In 2009 Federal Council, under the leadership of Federal President Mario Dona decided that the IICA needed to take total control of its affairs. [Mario Dona was awarded the 2011 PACE Zenith Lifetime Achievement Award for his contribution to the industry.]
The institute needed paid staff to take on the administrative functions that had been previously outsourced and appointed Cathie Tynan in 2009 as Federal Secretary, to be followed the same year with Maruta Rodan as the Institute's Executive Officer.
The Federal Office hired additional staff including Caroline French as Event Coordinator and Leigh Hart as Membership Officer. One of the current Federal President Brett Simpson's plans has been to bring in paid administrative staff in every location, and it is pleasing to report that both the Brisbane and Adelaide Branches have just recently appointed their Branch Secretaries.
Nancy Knott (Brisbane Branch) and Lisa Tomblin (Adelaide Branch) join Julie Meynell from the Sydney Branch in looking after their respective local Branch activities.
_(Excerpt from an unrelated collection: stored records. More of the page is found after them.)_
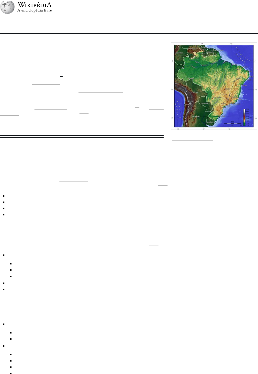 Carta topográfica do Brasil, representando a altimetria ou hipsometria. Relevo do Brasil O relevo do Brasil tem formação muito antiga, resultando principalmente de atividades internas do planeta Terra e de vários ciclos climáticos. Apresenta diversos planaltos, planícies e depressões, decorrentes das formações da litosfera no Brasil. O Brasil é um país de altitudes modestas: cerca de 40% do seu território encontra-se abaixo de 200 m de altitude, 45% entre 200 e 600 m, e 12%, entre 600 e 900 m.[carece de fontes?] O território não apresenta grandes formações montanhosas, pois não existe nenhum dobramento moderno em seu território. Os pontos mais altos do relevo brasileiro (que, no geral, é marcado por baixas altitudes) são: o Pico da Neblina (com 2995,3 metros de altitude)[1] e o Pico 31 de Março (com 2974,18 m. de altitude).[2][1] A seguir, são apresentadas de maneira geral algumas classificações antigas do relevo brasileiro, seguidas das classificações mais recentes de Ab'Saber e Ross, descritas em maiores detalhes. Embora o esquema do padre Aires de Casal (1817), um dos primeiros a tratar do assunto do relevo do Brasil, não tenha tido boa aceitação no país, nele são distinguidas, de modo sintético, quatro "serranias":[3][4] a serrania da Borborema (ou dos Cariris) a serrania da Mantiqueira; a serrania dos Órgãos (ou dos Aimorés) a serrania da Mangabeira (ou do Paraná) A classificação de Alexander von Humboldt (1825), baseada em parte nos trabalhos de Eschwege, teve boa aceitação ao longo do século XIX, e definiu as seguintes unidades para o território brasileiro:[5][6] o grupo das montanhas do Brasil, composto por três grandes cadeias paralelas, dispostas no sentido norte-sul: a cadeia oriental: Serra do Mar a cadeia central: Serra do Espinhaço e Serra da Mantiqueira a cadeia ocidental: a imaginária Serra das Vertentes as planícies do Amazonas as planícies dos pampas De acordo com Orville Derby (1884), foram estabelecidas as seguintes unidades físicas para o Brasil:[7] Regiões montanhosas Cadeia oriental ou marítima Cadeia central ou goiana Chapadões Chapadão do Paraná Chapadão do Amazonas Chapadão do São Francisco Chapadão do Parnaíba Classificações Aires de Casal (1817) Humboldt (1825) Derby (1884) 01/04/2025, 10:10 Relevo do Brasil – Wikipédia, a enciclopédia livre https://pt.wikipedia.org/wiki/Relevo_do_Brasil 1/9 https://pt.wikipedia.org/wiki/Ficheiro:Brazil_topo.jpg https://pt.wikipedia.org/wiki/Ficheiro:Brazil_topo.jpg https://pt.wikipedia.org/wiki/Altimetria https://pt.wikipedia.org/wiki/Wikip%C3%A9dia:P%C3%A1gina_principal https://pt.wikipedia.org/wiki/Planalto https://pt.wikipedia.org/wiki/Plan%C3%ADcie https://pt.wikipedia.org/wiki/Depress%C3%A3o_(geografia) https://pt.wikipedia.org/wiki/Litosfera https://pt.wikipedia.org/wiki/Territ%C3%B3rio https://pt.wikipedia.org/wiki/Altitude https://pt.wikipedia.org/wiki/Wikip%C3%A9dia:Livro_de_estilo/Cite_as_fontes https://pt.wikipedia.org/wiki/Dobramento_moderno https://pt.wikipedia.org/wiki/Pico_da_Neblina https://pt.wikipedia.org/wiki/Pico_31_de_Mar%C3%A7o https://pt.wikipedia.org/wiki/Pico_31_de_Mar%C3%A7o https://pt.wikipedia.org/wiki/Aires_de_Casal https://pt.wikipedia.org/wiki/Alexander_von_Humboldt https://pt.wikipedia.org/wiki/Wilhelm_Ludwig_von_Eschwege https://pt.wikipedia.org/wiki/Orville_Derby Planalto da Guiana Depressões Depressão do Amazonas Depressão do Paraguai Região atlântica A classificação de O. D. Von Engeln (1942) foi a primeira realizada para a América do Sul como um todo.[8][9] Nela, o território do Brasil abrange as seguintes unidades geomorfológicas, no original em inglês: A-1, Coastal Plains A-2, Piemont Plains A-4, Fluvial, Lacustrine and Deltaic Plains B-8, Interior Plateaus B-9, Open Basins with Centripetal Dips B-10, Lava Flow Plains and Plateaus E-17, Ancient Igneous Masses Aroldo de Azevedo (1949) reconheceu as seguintes unidades principais no conjunto do relevo brasileiro:[10] 1. Planalto Brasileiro a. Planalto Atlântico Serras Cristalinas: Serra do Mar (com suas diversas denominações locais), Paranapiacaba, Mantiqueira e Espinhaço Planalto Cristalinos: Planalto Nordestino (incluindo Borborema), Chapada Diamantina (Planalto Baiano), Planalto do Sul de Minas (ou do Alto Rio Grande) e Planalto do Pampa b. Planalto Central Escudo Sul-Antagónico (ou Bóreo-Brasília) Escudo Araguaio-Tocantino c. Planalto Meridional Depressão Periférica: Depressão Paulista, Planalto dos Campos-Gerais (ou Segundo Planalto paranaense), Depressão do Jacuí (no Rio Grande do Sul) Planalto Arenito-Basáltico: “cuestas” (serras de Maracaju, Caiapó, Itaquerí, São Pedro, Botucatu, Fartura, Esperança, Geral, Botucaraí, São Xavier, etc.), Planalto do Alto Paraná, Triângulo Mineiro, Planalto Ocidental de São Paulo, sudeste de Mato-Grosso, Planalto de Guarapuava (ou Terceiro Planalto paranaense), Planalto do Alto Uruguai (ou das Missões) 2. Planalto das Guianas 3. Planície Amazônica 4. Planície do Alto Paraguai ou do Pantanal 5. Planícies Costeiras Segundo com a classificação do geógrafo paulista Ab'Saber (de 1964, aprimorada em trabalhos subsequentes), pioneiro na identificação dos grandes domínios morfoclimáticos nacionais, podem ser identificados dois grandes tipos de unidades de relevo no território brasileiro: planaltos e planícies.[11][12] De acordo com o geógrafo, as unidades de relevo do Brasil são as seguintes, apresentando alguns termos variantes:[11] Planaltos Planalto das Guianas Planalto Brasileiro, com cinco unidades: Planalto Central (ou Goiano Mato-grossense) Planalto Meridional (ou Gonduânico sul-brasileiro), Planalto do Maranhão-Piauí (ou do Meio-Norte) Planalto Nordestino (ou da Borborema) Serras e Planaltos do Leste e do Sudeste (ou Planalto Oriental e Sul-oriental, ou ainda, Planalto Atlântico do Brasil) Engeln (1942) Azevedo (1949) Ab'Saber (1964) 01/04/2025, 10:10 Relevo do Brasil – Wikipédia,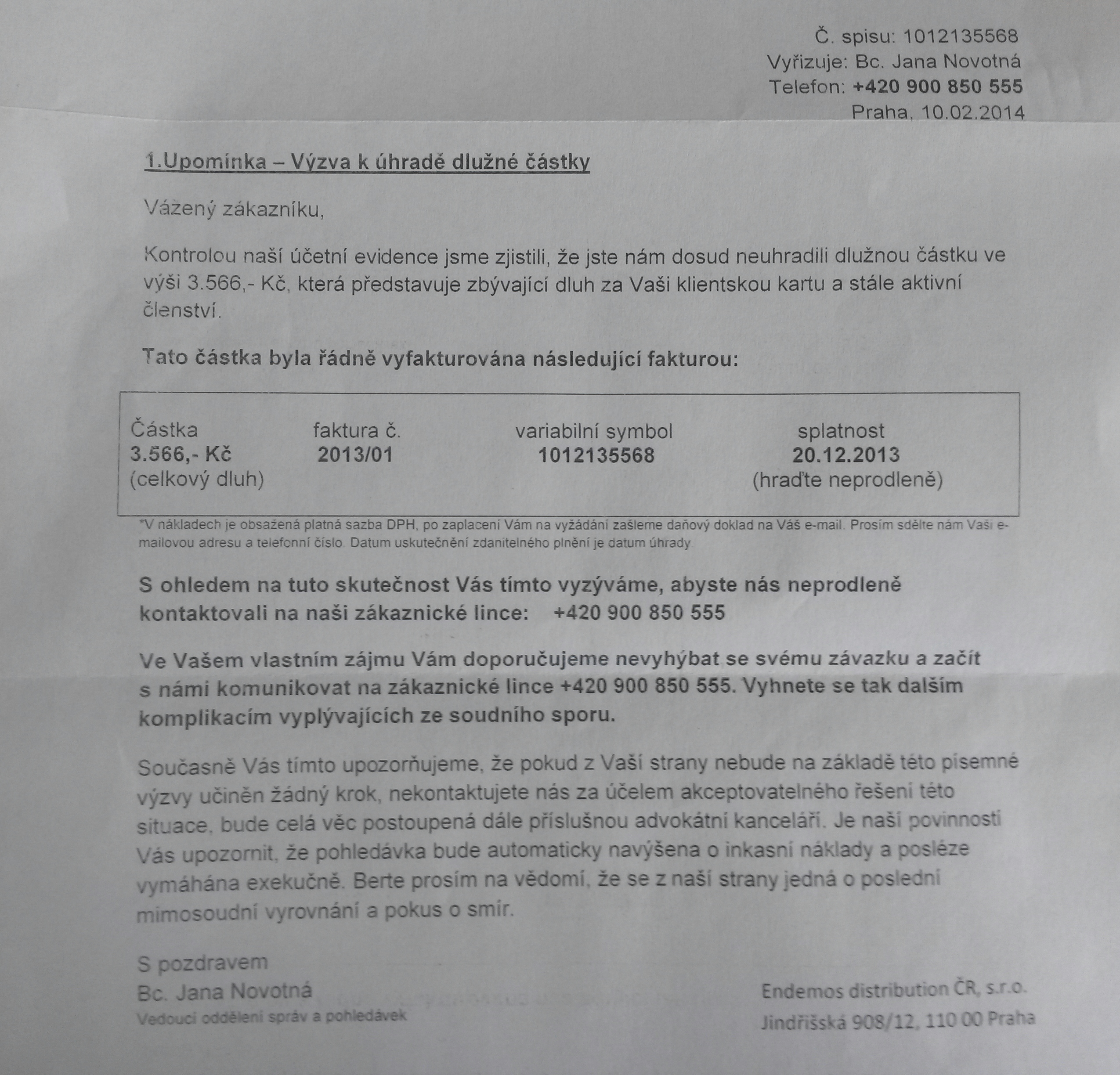 Přišel-li Vám odpis k úhradě dlužné částky 3 566 Kč společnosti Endemos Distribution Praha – kontaktujte policii!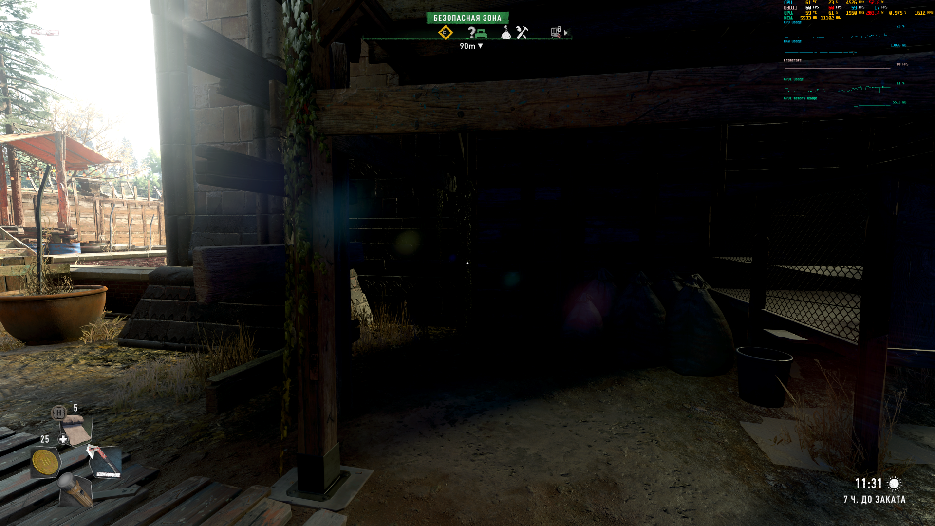 СМЕНА ДНЯ И НОЧИ Дождитесь ночи, чтобы наведаться в мрачные логова зараженных. Свет солнца разгоняет тварей по норам, но с закатом чудовища покидают свои укрытия и выходят на охоту.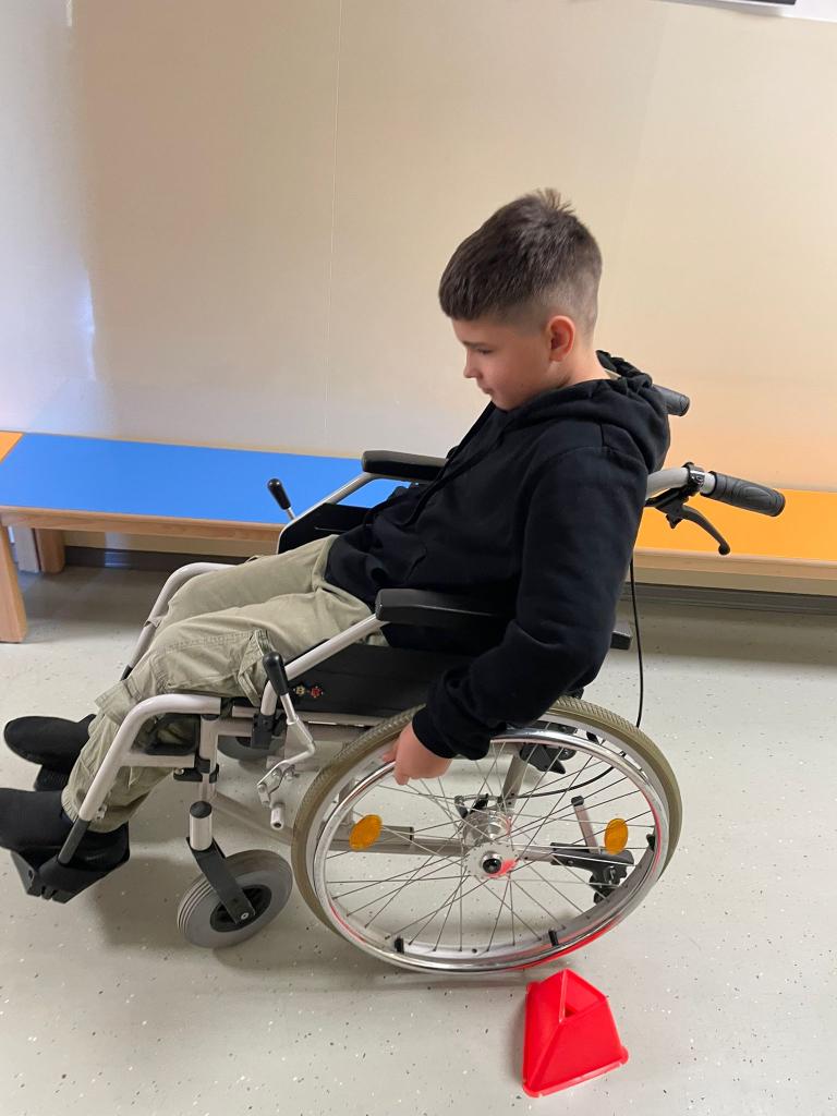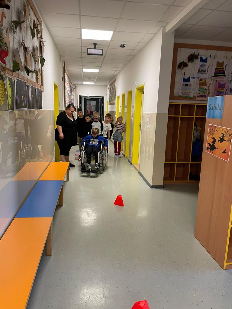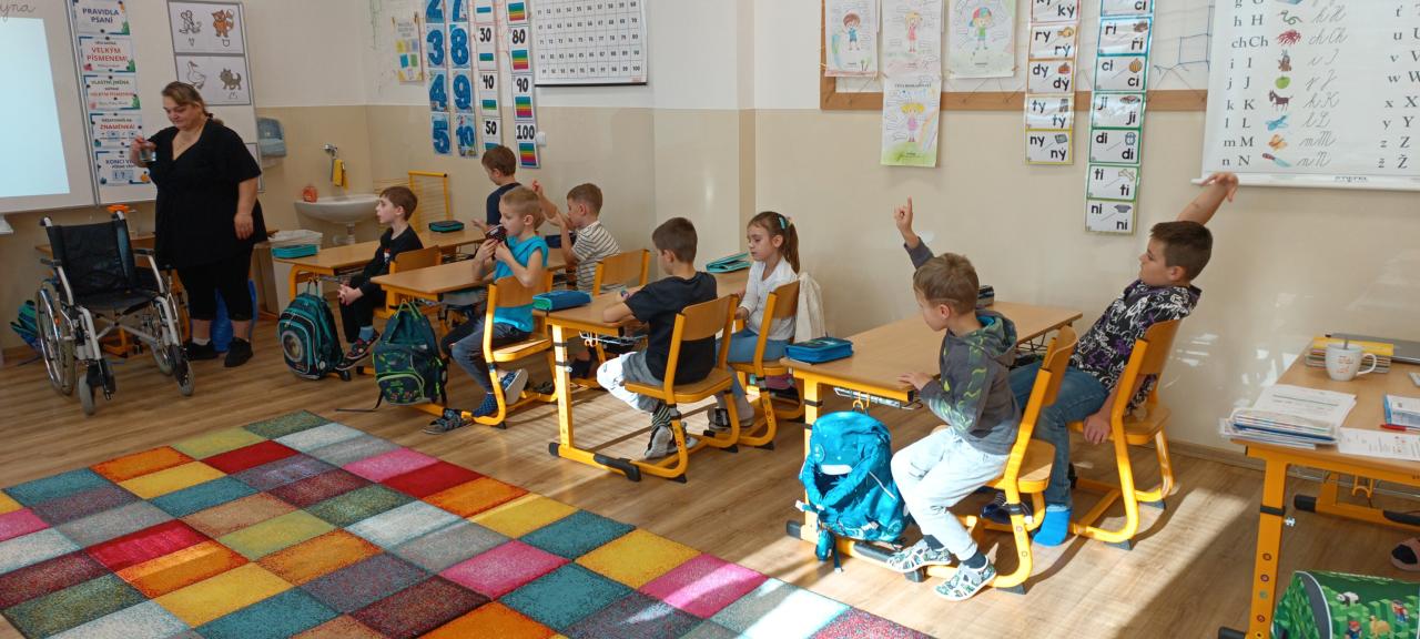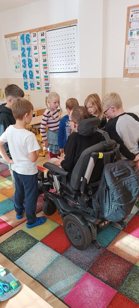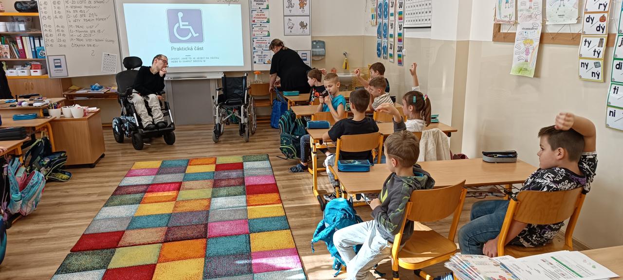 Dnes jsme měli zajímavou dvouhodinovou besedu s panem Adamem Kratochvílem, který trpí svalovou atrofií. Povídal nám o své nemoci a dokonce nám dovolil vyzkoušet si jízdu na mechanickém vozíku. Byla to pro nás velmi poučná a inspirativní zkušenost.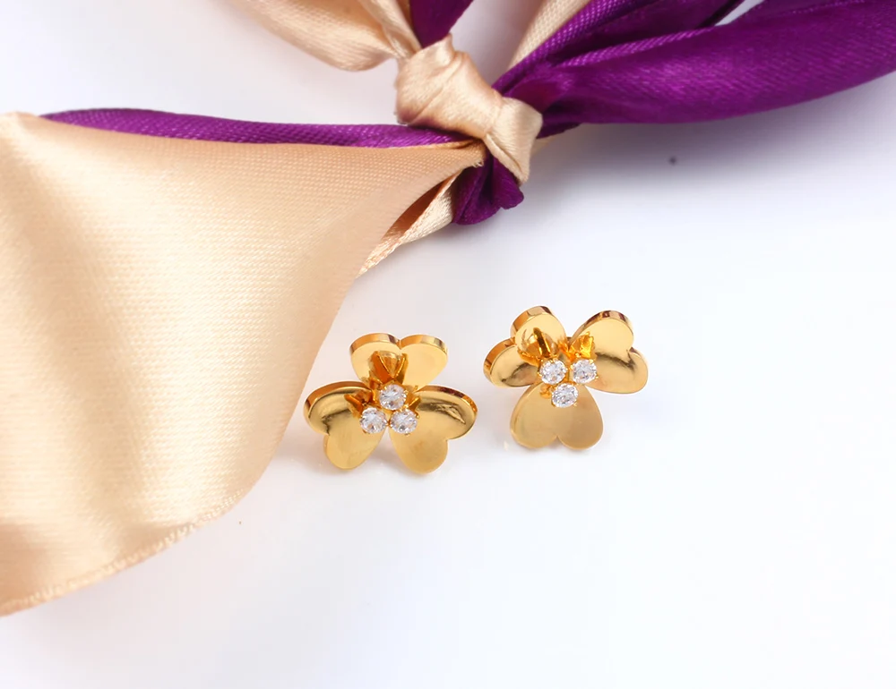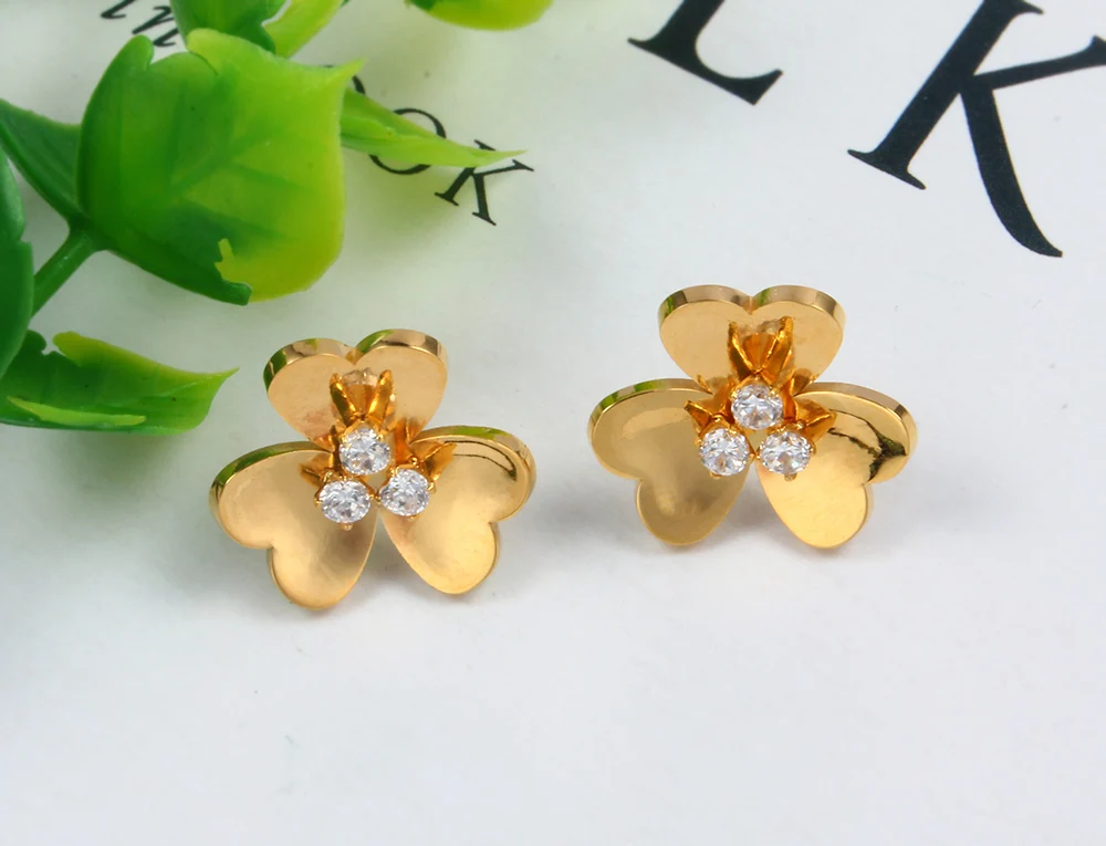 Серьги-гвоздики из нержавеющей стали Lucky Shamrock, серьги золотистого цвета с цветком в три листа с цирконом, ювелирные изделия с клевером, женский подарок настоящей любви, высокое качество

Julie also manages the Institute's email and hard copy newsletters.
Under Mario Dona's Presidency, Federal Council resolved in 2009, to address the vexing issue of the need for a total overhaul of the Institute's nearly 70 year old, Constitution as its Rules and By-Laws were simply no longer 'fit for purpose'. The work was completed in 2010. One noteworthy change was that each geographic location is now called a Branch, and is identified by the prefix of the city where that branch is located.
Another significant milestone is the re-establishment of the professional relationship with our American counterpart organization, the International Society of Automation (ISA). This relationship was reinvigorated under the Presidency of Craig Baade in 2006 and led to the IICA introducing professional training courses under licence from the ISA. These courses are available in each Branch and continue to this day.
In 2011, under Dirk Kuiper's watch as President, the spotlight fell on two important Membership matters. One was the transformation of the existing Corporate Associate Member (CAP) category into the new Corporate Industry Programme (CIP).
The success of the CIP Category has been very encouraging – since its first introduction in the 2013 calendar year, the uptake of companies under CIP has almost rivalled those for individual members.
Jason Freyling and Frank Silberberg deserve special mention for initiating this change. Likewise, the Fellow membership category has undergone extensive revision to reflect more accurately the need for proper acknowledgement of those special IICA members whose contributions to the Institute and to our industry sectors are deemed outstanding.
Mario Dona and Ian Gibson deserve acknowledgement for progressing this change. [Ian Gibson was given a Special Industry Contribution Award by PACE at the 2013 PACE Zenith Awards in Sydney.]
A feature of the Institute that seems to have been set in stone and just continues to shine year in and year out are the Table Top Exhibitions or Technology Expos as they are now known. Around 15 are conducted in each Australian capital city as well as in many regional areas every year.
These exhibitions provide invaluable access for IICA member supplier and service providers to meet and do business with potential end users. Their introduction has truly been one of the IICA's outstanding successes.
There are many more areas that have not been canvassed in this short tribute to the Institute on its 70th birthday year. This is inevitable because space simply does not permit all achievements and those who initiated and progressed them to be mentioned.
Suffice to say that the Institute today stands on the shoulders of all those dedicated men and women whose vision, energy, enthusiasm and foresight has made the IICA into a vibrant professional Institute that is very much looking forward to the next 70 years.